Reproduce, exactly and only, the lines of the data that follows from the one containing "Добротная сумка-чехол на" down to the one containing "Dessa torkade skalade", without pictures.

* _Working data_:
——————
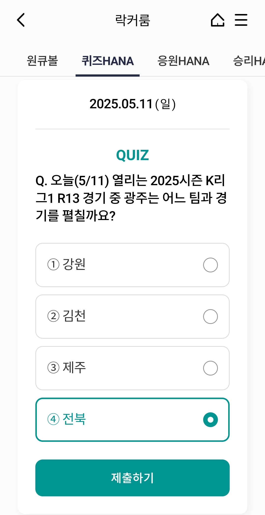 하나원큐 축구퀴즈 정답 ⚽ 2025년 5월 11일
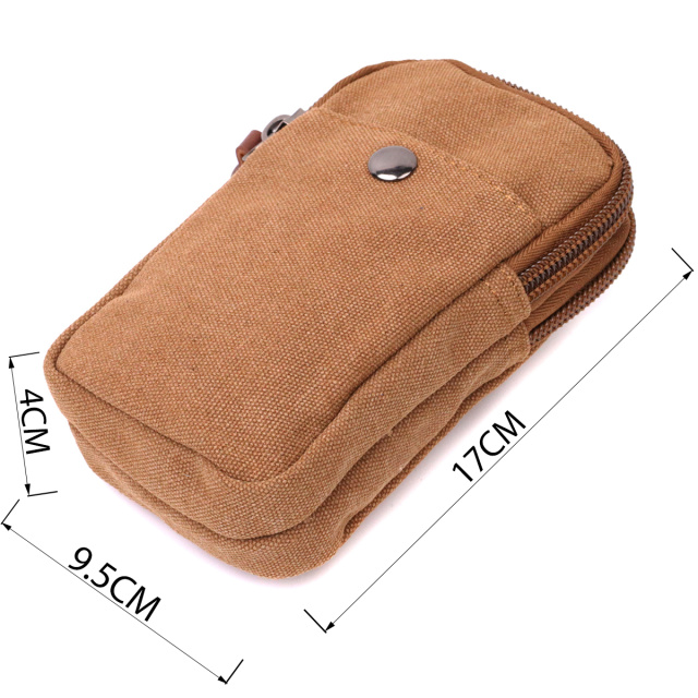 Добротная сумка-чехол на пояс с металлическим карабином из текстиля Vintage 22225 Коричневый
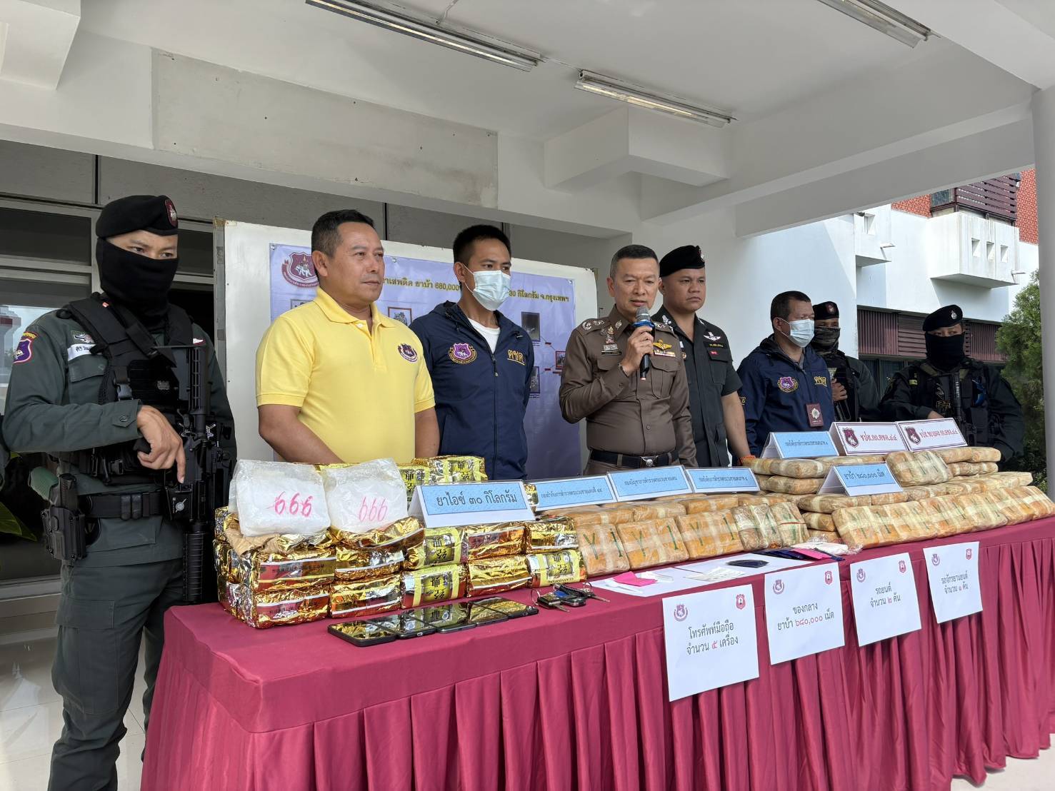 เมื่อวันที่ 24 ตุลาคม 68 ผู้สื่อข่าวรายงานว่าที่กองบังคับการตำรวจตระเวนชายแดนภาค1 ต.คลองห้า อ.คลองหลวง จ.ปทุมธานี พล.ต.ต.ปกปภพ บดีพิทักษ์ รอง ผบช.ตชด. (ปป.) พร้อมด้วยพล.ต.ต.พหล เกตุแก้ว ผบก.ตชด.ภาค 4 ผบ.ฉก.ตชด.จชต พล.ต.ต.จักรเพชร เพชรพลอยนิล ผบก.ตชด.ภาค 1 พร้อมชุดสืบสวนได้แถลงข่าวจับกุมผู้ต้องหาขบวนการค้ายาเสพติดรายใหญ่ประกอบนายมูฮัมหมัด อายุ 34 ปี อาชีพ รปภ.อยู่ม.1 ต.บ่อทอง อ.หนองจิก จ.ปัตตานี นายมูฮัมหมัด อายุ 21 ปี อยู่ม.7 ต.จวบ อ.เจาะไอร้อง จ.นราธิวาส นายณัฏฐนันท์ อายุ 23 ปี อยู่ม.2 ต.จวบ อ.เจาะไอร้อง จ.นราธิวาส พร้อมของกลางยาเสพติดให้โทษประเภท 1 (ยาบ้า) จำนวนประมาณ 680,000 เม็ดยาเสพติดให้โทษประเภท 1 (ไอซ์) ประมาณ 30 กิโลกรัม รถจักรยานยนต์ จำนวน 1 คัน รถยนต์ 2 คัน
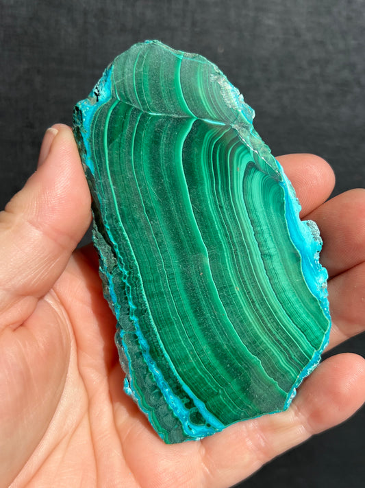 This is a beautiful coloured, heavy, smooth and warm piece. I normally just collect raw pieces but this is gorgeous and fits right in. It's big but I carry it on me most days!
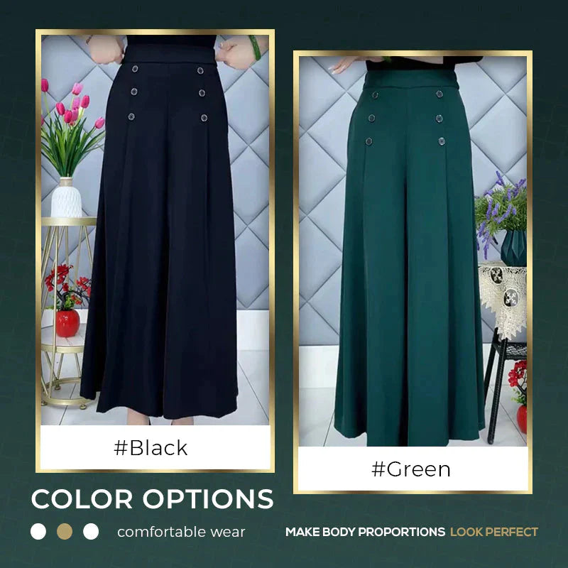 Eine Hose mit weitem Bein löst das Problem von Elefantenbeinen und anderen Beinfehlern und lässt Ihre Körperproportionen perfekt aussehen!
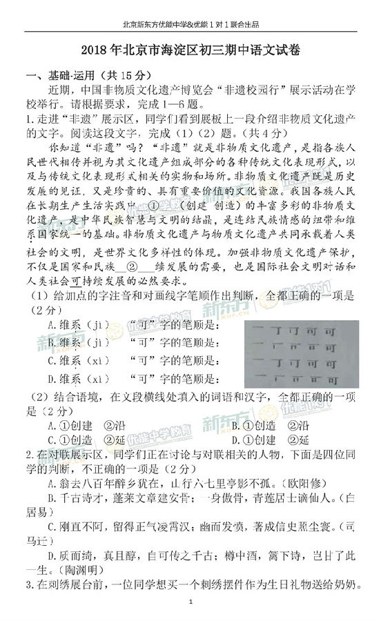 2018-2019学年北京海淀初三期中语文考试已经结束,新东方在线中考网整理了《2018北京海淀初三期中语文试题逐题解析》,供同学们参考。 点击下载:海淀区初三期中考试试题及答案[page]...
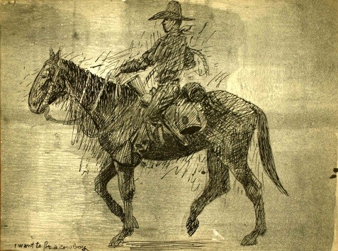 Eduard Ulreich, I Want to be a Cowboy, 1905, pen and ink, 12 ½ x 9 ½ in.
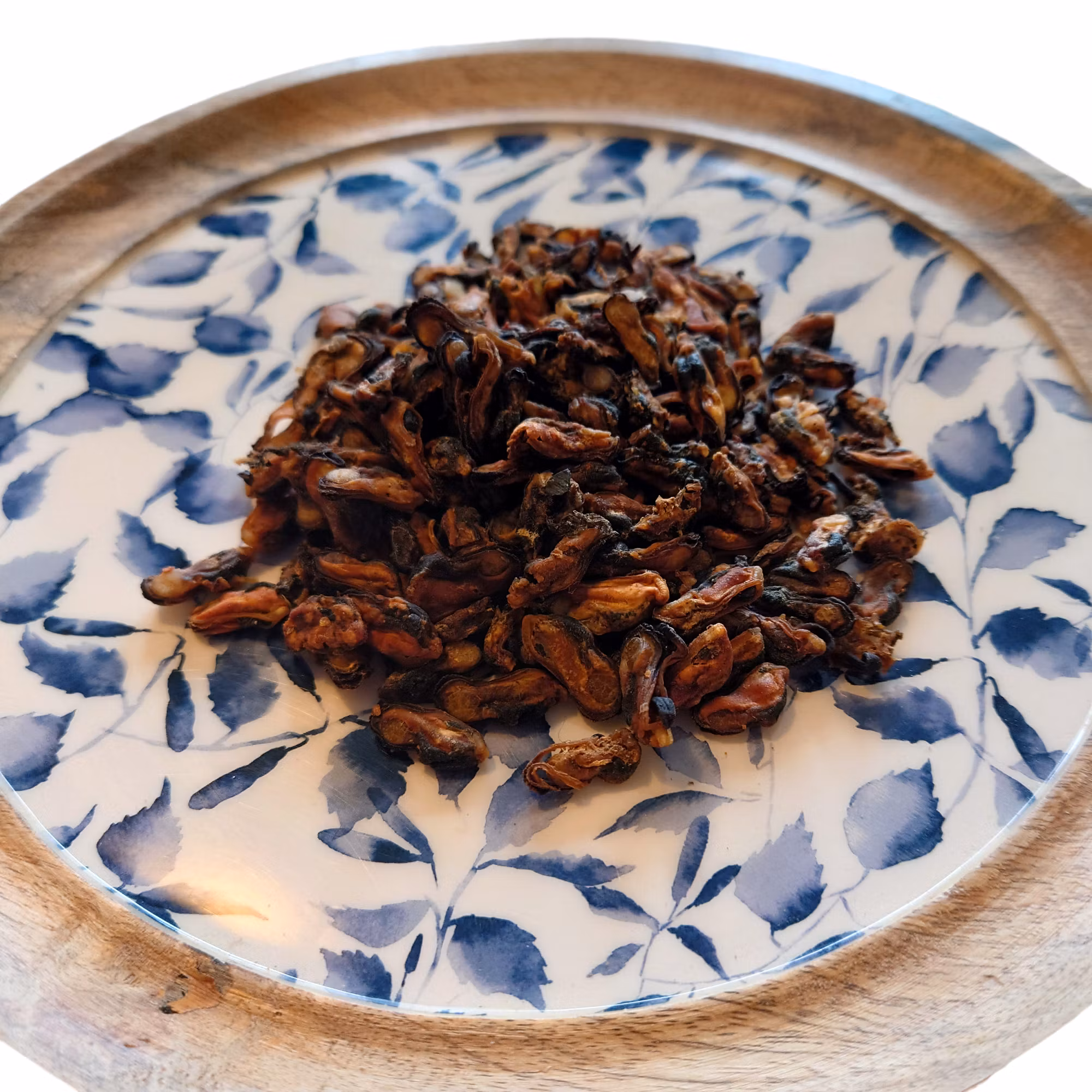 Dessa torkade skalade blåmusslor är perfekta mumsbitar! På bilden är det 70 gram musslor på ett uppläggningsfat.
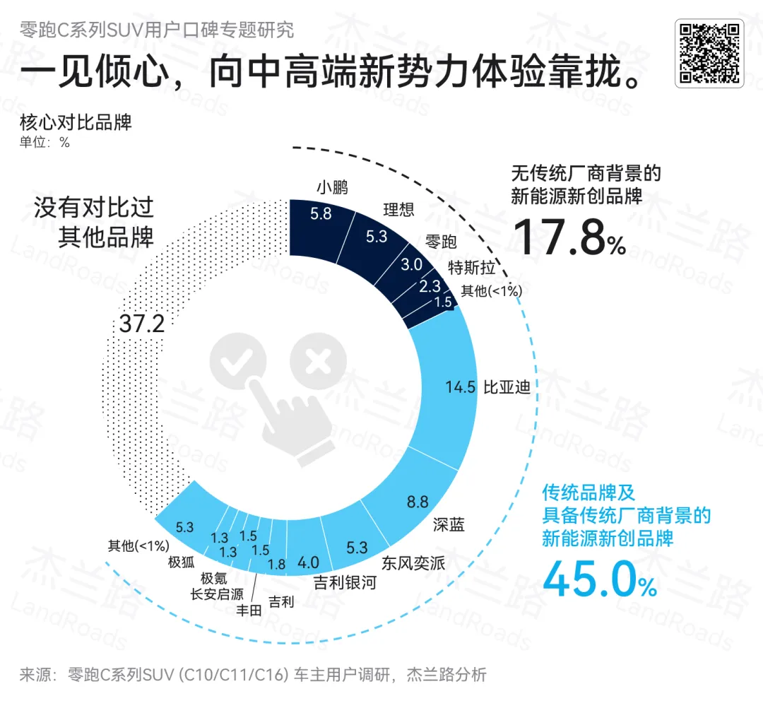 在购车决策的车型对比阶段,37.2%的用户在购车时未进行对比,直接选择零跑,体现出其在目标人群中的一定直观吸引力;另一方面,其余用户则普遍进入对比决策环节,具体来看,45.0%的用户主要对比传统品牌及有传统厂商背景的新能源新创品牌,其中以比亚迪、深蓝、东风奕派、吉利银河为代表,这一类品牌在价格区间与产品定位上更接近零跑,是其最直接的竞争对手。
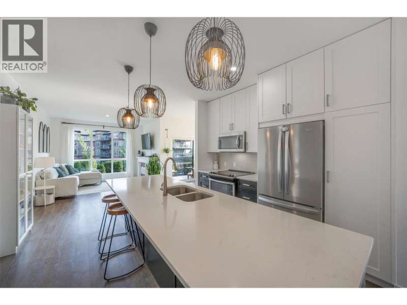 Convenience meets location with this bright 3 bedroom condo at Gellatly Parc! Located just steps to the lake, Gellatly waterfront, West Kelowna Yacht Club and Glen Canyon Regional Park, this bright, corner unit blends the best of Okanagan less than 10 minutes away to shopping, restaurants, wineries and groceries! Inside, you'll find a vibrant, open floor plan spread over approximately 1230 sqft of living space. The kitchen offers a large island with stainless steel appliances and opens to a sun-filled living room with separate dining area for entertaining. Step outside to an oversized balcony with peek-a-boo lake views—perfect for morning coffee, evening sunsets or relaxing with friends after a day at the beach or the CNR/Gellatly Aquatic wharf! The primary bedroom is generous in size, featuring a walk-through closet and a 4-piece ensuite with dual vanities and a glass shower. Two additional bedrooms provide flexibility for family, guests or a dedicated home office space, while a second 4-piece bathroom and a large utility closet off the entry add practicality and storage. This pet- and rental-friendly building makes an excellent investment or full-time home for 1st time buyers, downsizers or young families! Enjoy 1 common property parking stall, just 10 mins up the hill to Westbank town Centre, Big Box Stores & Aquatic Centre & Dog Beach. Have something to sell? Sellers may consider a house on trade! Move in this fall and enjoy endless recreation at your doorstep! (id:7434)
——————
* _Task output_:
 Добротная сумка-чехол на пояс с металлическим карабином из текстиля Vintage 22225 Коричневый
 เมื่อวันที่ 24 ตุลาคม 68 ผู้สื่อข่าวรายงานว่าที่กองบังคับการตำรวจตระเวนชายแดนภาค1 ต.คลองห้า อ.คลองหลวง จ.ปทุมธานี พล.ต.ต.ปกปภพ บดีพิทักษ์ รอง ผบช.ตชด. (ปป.) พร้อมด้วยพล.ต.ต.พหล เกตุแก้ว ผบก.ตชด.ภาค 4 ผบ.ฉก.ตชด.จชต พล.ต.ต.จักรเพชร เพชรพลอยนิล ผบก.ตชด.ภาค 1 พร้อมชุดสืบสวนได้แถลงข่าวจับกุมผู้ต้องหาขบวนการค้ายาเสพติดรายใหญ่ประกอบนายมูฮัมหมัด อายุ 34 ปี อาชีพ รปภ.อยู่ม.1 ต.บ่อทอง อ.หนองจิก จ.ปัตตานี นายมูฮัมหมัด อายุ 21 ปี อยู่ม.7 ต.จวบ อ.เจาะไอร้อง จ.นราธิวาส นายณัฏฐนันท์ อายุ 23 ปี อยู่ม.2 ต.จวบ อ.เจาะไอร้อง จ.นราธิวาส พร้อมของกลางยาเสพติดให้โทษประเภท 1 (ยาบ้า) จำนวนประมาณ 680,000 เม็ดยาเสพติดให้โทษประเภท 1 (ไอซ์) ประมาณ 30 กิโลกรัม รถจักรยานยนต์ จำนวน 1 คัน รถยนต์ 2 คัน
 This is a beautiful coloured, heavy, smooth and warm piece. I normally just collect raw pieces but this is gorgeous and fits right in. It's big but I carry it on me most days!
 Eine Hose mit weitem Bein löst das Problem von Elefantenbeinen und anderen Beinfehlern und lässt Ihre Körperproportionen perfekt aussehen!
 2018-2019学年北京海淀初三期中语文考试已经结束,新东方在线中考网整理了《2018北京海淀初三期中语文试题逐题解析》,供同学们参考。 点击下载:海淀区初三期中考试试题及答案[page]...
 Eduard Ulreich, I Want to be a Cowboy, 1905, pen and ink, 12 ½ x 9 ½ in.
 Dessa torkade skalade blåmusslor är perfekta mumsbitar! På bilden är det 70 gram musslor på ett uppläggningsfat.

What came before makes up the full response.